Once your paste has dissolved into the hot broth, turn the stove down to medium-low. You don’t want the miso to boil.
Pour the miso-y liquid back into the pot of soup while whisking.
Add your bok choy stems to the soup as well as the noodles (drained of water).
The bok choy stems only take a couple of minutes to soften, especially if you are using the baby bok choy variety.
After about 2 minutes, you can turn off the stove and remove your pot from the hot burner. Stir in your bright green baby bok choy leaves.
They will wilt quickly under the heat of the broth.
And voila! That is it!!!
Garnish your soup with fresh cilantro and scallions and enjoy!!!!!!!!!!!!!!
This soup is LOADED with good-for-you deliciousness. I’m telling you, my body becomes stronger with each slurp. It tastes like full-on healthiness, replenishing my energy spoonful by spoonful. And the flavor is magical. The miso-infused broth is salty and rich, with a little bit of nuttiness. The veggies are crisp-tender, not cooked to death, and the mushrooms are serious morsels of delight. I actually enjoy the tofu in this application, as well. All around, it’s a joyful symphony of soul-satisfying perfection.
Make this soup, and eat it for breakfast.

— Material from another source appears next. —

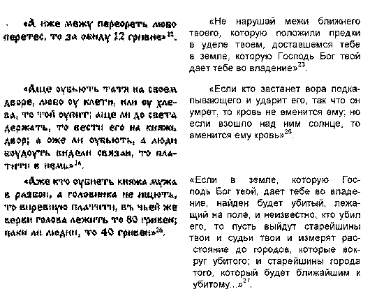 Как видим, нормы «Священного Писания» претерпели на древнерусской почве определенные изменения, что вполне естественно. К сожалению, до сих пор не изучены ни сами эти параллели, ни те трансформации, которые произошли с библейскими правилами, возможно, при посредстве греческих законов – в «Русской Правде» (точнее, в «Русских Правдах»).

I implore you. It is the most amazing, comforting, invigorating way to start the day!! Those Japanese people know what they’re doing.
Love, love, love to all of you. I’ve gotta get myself to the store and back to the kitchen. I’ll be cooking my quickly-becoming-famous White Bean Turkey Chili and Mexican Chicken Ala Ashli- one of the first scrumptious dishes I ever created.
Happy cooking and eating to you!
ashli
I like how you give the reminder of what is still in season with the encouragement to stock up while we can. Just looking at this makes me want a healthy soup. Making miso soup would give me the opportunity to actually use ingredients from an Asian grocery store that I enjoy just going to! It would also challenge me to use ingredients that I’ve not used before, like other recipes of yours. Thanks.
Catherine, You could easily make this soup! Asian grocery stores are so interesting- but a little intimidating too, since I can’t read most of the labels! Let me know if you try it out!